FOR THE GAZETTE
A proposed heritage master plan to revive Picton’s fairgrounds was presented to County council Tuesday night, outlining short and long-term improvements to recreation opportunities and continued enhancement of the location’s agricultural roots.
Bray Heritage, along with Branch Architecture and Letourneau Heritage Consulting, was contracted by the municipality at a cost of $25,000 to prepare a heritage master plan. Dr. Carl Bray of Bray Heritage presented the outline for revival and heritage of the property “as a way of life in the County.”
Bray said the two recurring themes throughout the company’s work was to promote agricultural use and accommodate various forms of recreation for adults and families.
While the plan had no immediate timelines or costs associated with the enhancement of the fairgrounds, it noted the creation of a heritage precinct, expansion of the agricultural facilities, increased outdoor recreation for all, fostering of partnerships and managing change.
“It is important to remember the most distinctive aspect of the site – it is a rare, largely intact example of an agricultural exhibition group,” Bray said.
Bray’s report notes the cultural significance, architectural value and social history of the location, mentioning the four key structures – the Crystal Palace, the Fruit Building, Grandstand and the Old Boys Memorial Entrance.
“Part of our work was to sit down and use the provincial criteria for understanding what is of cultural heritage value or interests,” he said.
Bray said through public feedback and those who responded to a survey regarding the matter, it is of no surprise that it was “widely felt it would be a community asset that everyone valued” to enhance the fairgrounds.
“That was across the board, no question. It certainly is a source of pride. It’s evident from the work that the County has done over the years that there’s been a continued investment in it since the 1980’s and early 1990’s. There is also a sense the site could be better used,” he said. “There is a worry that the skatepark and building are somewhat intrusive – not entirely – but they do not necessarily fit in very well with the layout of the fairgrounds and there may be some opportunities for tweaking them slightly.”

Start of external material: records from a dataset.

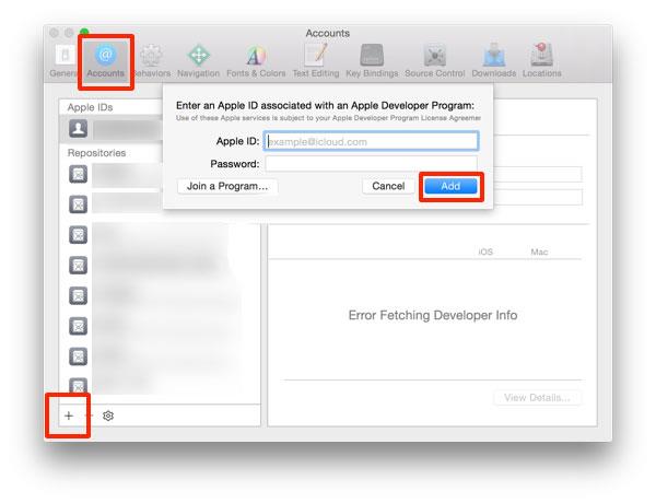 Крок 6: В Xcode з верхньої панелі виберіть Xcode > Preferences. У вікні, виберіть вкладку Accounts, натисніть кнопку «+» і виберіть опцію Add Apple ID. Тепер вкажіть ваш обліковий запис і пароль.
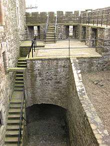 Between 1534 and 1540, a programme of fortification was carried out under the direction of the King's Master of Works, Sir James Hamilton of Finnart.[7] Finnart, the illegitimate son of the Earl of Arran, was an expert in artillery fortification. Having spent time in Europe studying the subject, he designed his own castle at Craignethan in Lanarkshire as a showcase for his ideas.[8] At Blackness, he introduced technological innovations including a complex entrance with a caponier, one of only three surviving in Scotland (the others being at Craignethan and Stirling Castle). The caponier, a passage within the external wall of the entrance, allowed defenders to fire into the entrance area, at the backs of any attackers who had breached the gate. The curtain wall was thickened on the inside to the south and east, from 1.5 m (4.9 ft) to over 5 m (16 ft) in places, and gun ports were opened up. The south wall was also heightened to enclose the new south tower.[9]
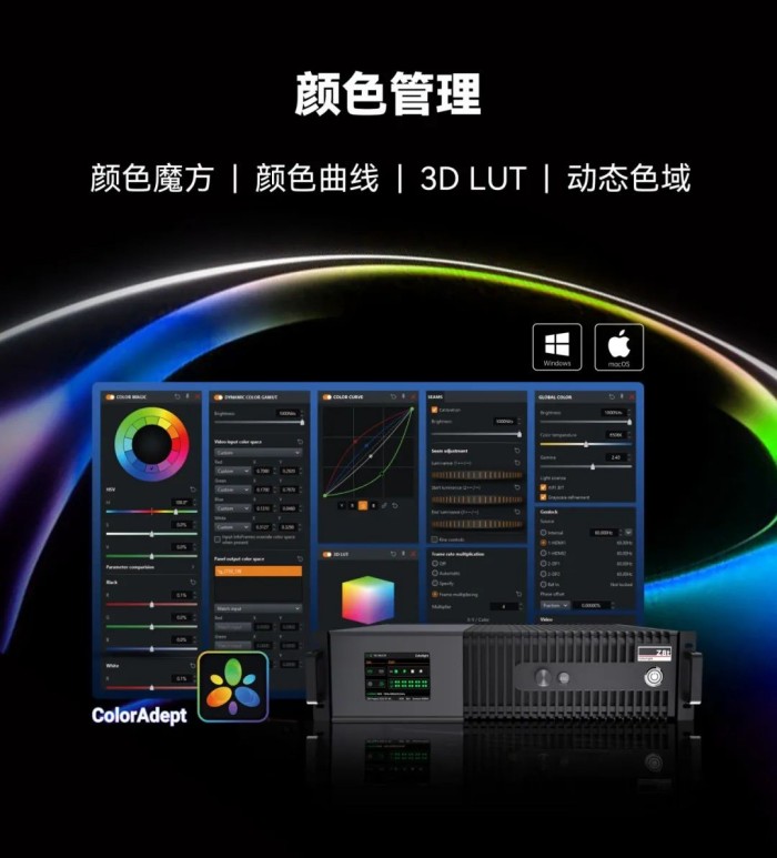 ColorAdept 系列(简称 CA 系列)基于全新的软硬件平台架构,为好莱坞影视制作工作室、电视台摄影制作等 VFX 虚拟拍摄领域,提供了强大的色彩管理解决方案。
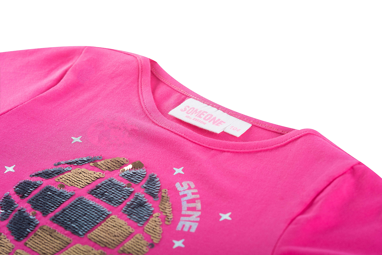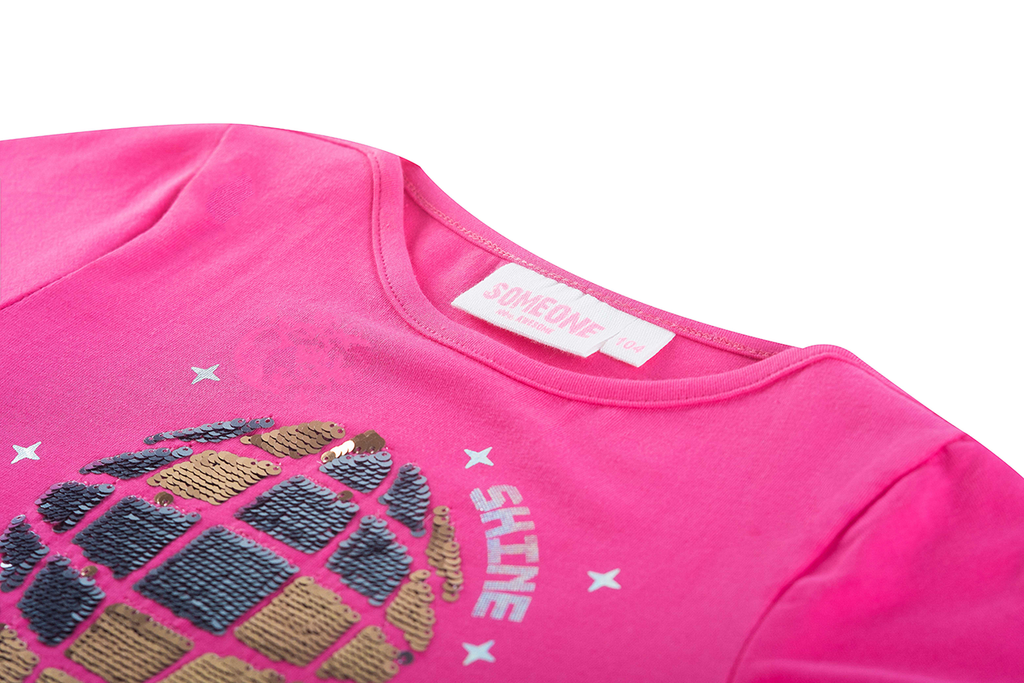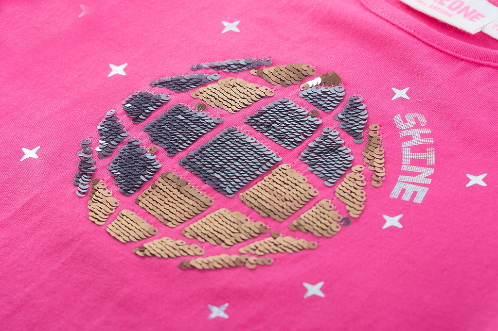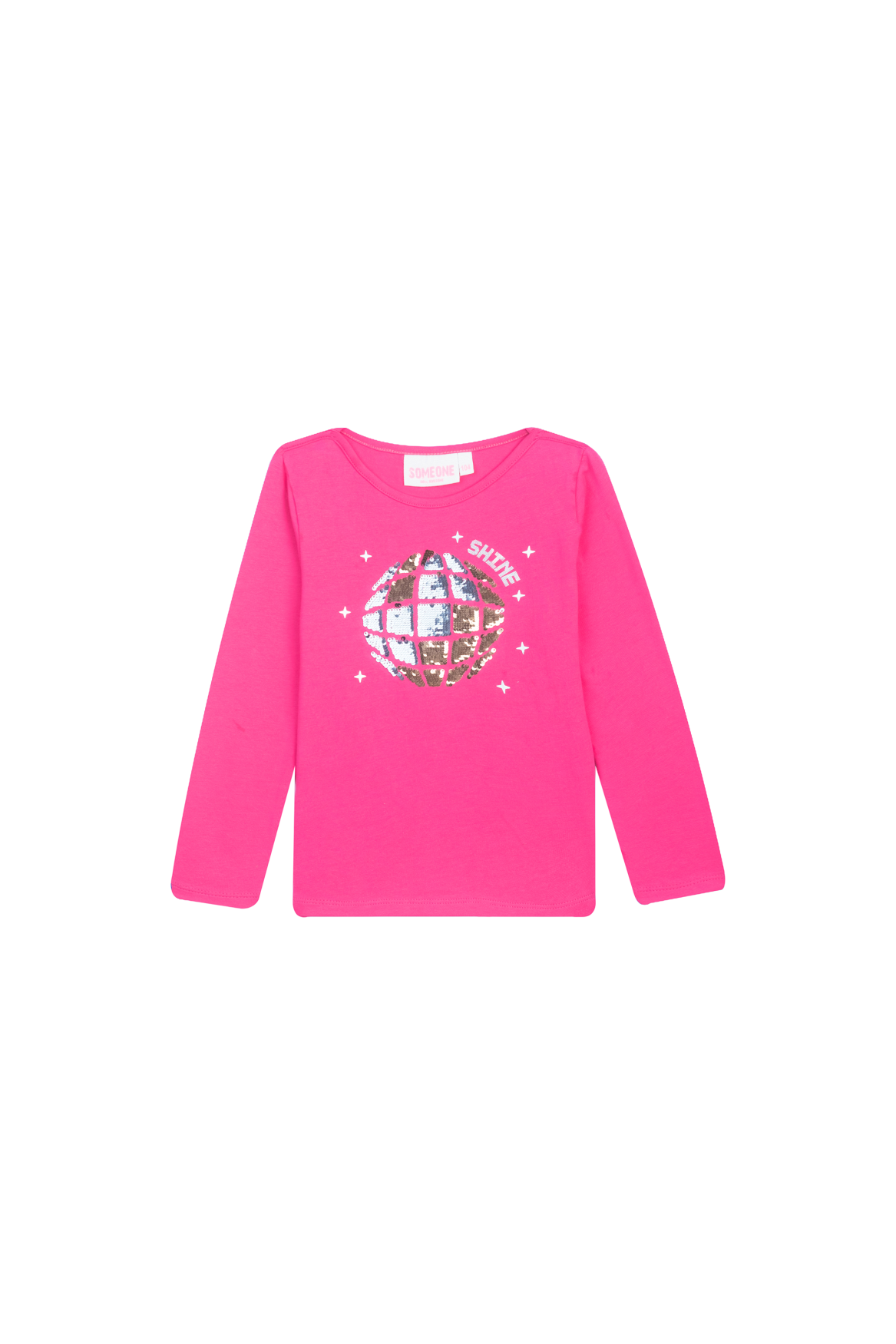 This bright pink long-sleeved top is a true eye-catcher for girls who love color and sparkle. The shimmering disco ball on the front, surrounded by twinkling stars and the word "SHINE", creates a festive and energetic vibe. The design invites dancing, having fun, and letting your personality shine. Perfect for a cheerful outfit at school, a party, or simply a day full of confidence. A dazzling piece that adds a touch of magic to any day.

He also mentioned opportunities to take some of the burden off County staff and volunteers who handle operational items.
There came to be two different visions of the future, Bray said.
“One that really pumped up the agricultural side and the other that addressed what seemed to be an expanding need for adult and family recreational facilities,” he said.
Through the agricultural lens, it would be to enhance opportunities for farming-related activities year-round for things like community gardens and demonstrations of farming methods or technology.
Recreationally, the vision is to enhance a “County-wide recreation master plan.”
Bray said with a lot of open space at the fairgrounds, it would be great to meet some of the current demands or needs to have activities such as Pickleball, Tennis and having open fields to throw a frisbee or football.
Outside of adult or family recreation, however, a local youth advocate felt the heritage master plan neglected the interests of County youth.
Sami Lester, Child and Youth Worker, was one of the local teenagers involved in fundraising and creating the $1.2 million skatepark that sits at the front of the Picton fairgrounds.
She brought up concerns with the portion of the plan that stated the skatepark does not fit in and should be altered to allow for the restoration of the racetrack.
Lester noted the section of the plan that states, “Should there be a renewed interest in harness racing, the existing track could be upgraded and its circuit restored with only minor changes to the skateboard park: it could also double as a running track to provide another option for active recreation.”
“I see no business plan and market research supporting the pie-in-the-sky notion of having a horse race track on Picton Main Street,” Lester retorted. “Getting this document passed would allow the freedom to modify the ‘intrusive’ and unsightly skatepark from your eyes.”
She called the potential modification of the park ‘preposterous’ and posed the question: “Intrusive upon what? Intruding upon whose values?”
“There is a very good reason the skatepark is located at the front near the road, where incoming visitors could return to appreciate it and where there would be more safety than having it tucked away at the back of the arena as it used to be,” she said.
Regarding the language used within the document, Lester pointed out that there is “no need to point out the age of the users” as the skatepark is referred to as a “children’s play area,” similar to how the age of Crystal Palace users is not identified.
“You labelled the age of those who use the area you find ‘intrusive,’ because you are biased and already made up your mind. It sounds ageist, and I got the immediate impression you chose to single out ‘children’ as being an anomaly using this piece of land,” she said.
Lester said not only was the park designed by one of the best skatepark planners, but that it is one of the best of its kind in Ontario, if not Canada.
“The building has solar panels on it, bathrooms, and we got funding so it could be wheelchair accessible. Instead of seeing the skatepark as the eye-sore among your treasures, you should see yourselves as making history by building up the skatepark as one of Prince Edward County’s great assets,” she said. “Or, do you want to write County history so that we remember how the youth were unwanted here?”
Coun. Phil St. Jean said he would be the first to “yell and scream” in opposition should it be proposed to remove or modify the skate park, splash pad or the associated building.
The fervour of the a social media debate the day after Bray’s presentation and Lester’s response forced Mayor Steve Ferguson to join in the discussion and offer some context.